0, 0, 1, 0, 0, 1, 0, 0, 1, 0, 1, 1, 0, 0, 1, 0, 0, 1, 1, 0, 1, 1, 0, 1, 0, 0, 2, 0, 0, 1, 0, 0, 2, 0, 1, 1, 0, 1, 1, 0, 0, 1, 1, 1, 1, 0, 0, 1, 0, 0, 2, 0, 0, 2, 1, 0, 2, 0, 1, 1, 0, 0, 1, 0, 0, 2, 1, 0, 1, 1, 0, 1, 0, 0, 2, 1, 1, 1, 0, 0, 2, 0, 1, 1, 0, 1, 1, 1, 0, 1

Offset

1,27

Comments

a(3n) >= 1 as the divisor d=3 contributes to the count then.

Links

Michael De Vlieger, Table of n, a(n) for n = 1..10000

Michael D. Hirschhorn, The number of representations of a number by various forms, Discrete Mathematics 298 (2005), 205-211.

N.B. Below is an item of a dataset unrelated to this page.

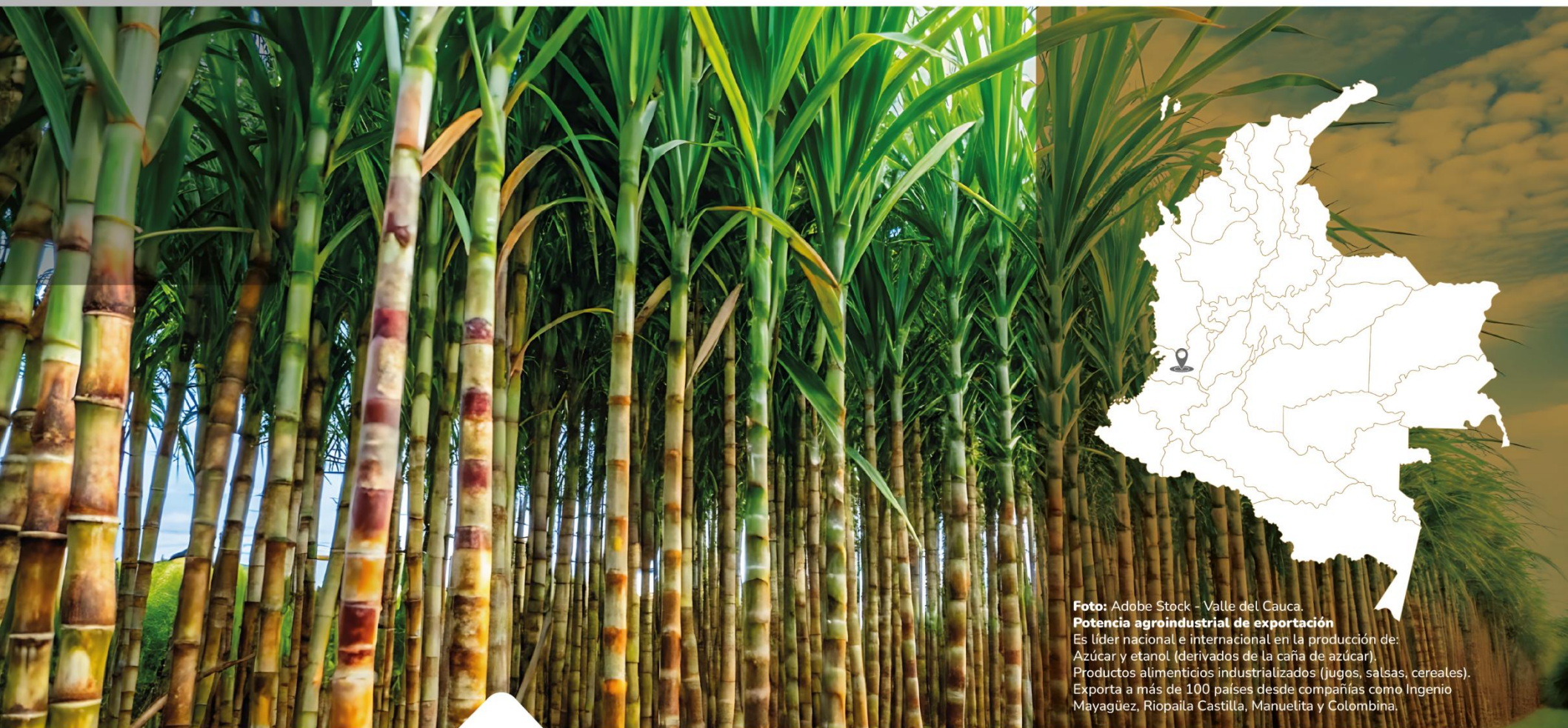
Valle del Cauca.
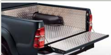
WYKŁADZINA ALUMINIOWA PRZESTRZENI BAGAŻOWEJ

R. A. Smith and M. V. Subbarao, The average number of divisors in an arithmetic progression, Canadian Mathematical Bulletin, Vol. 24, No. 1 (1981), pp. 37-41.

Formula

a(n) + A188172(n) = A001842(n).

A188169(n) + a(n) - A188171(n) - A188172(n) = A002325(n).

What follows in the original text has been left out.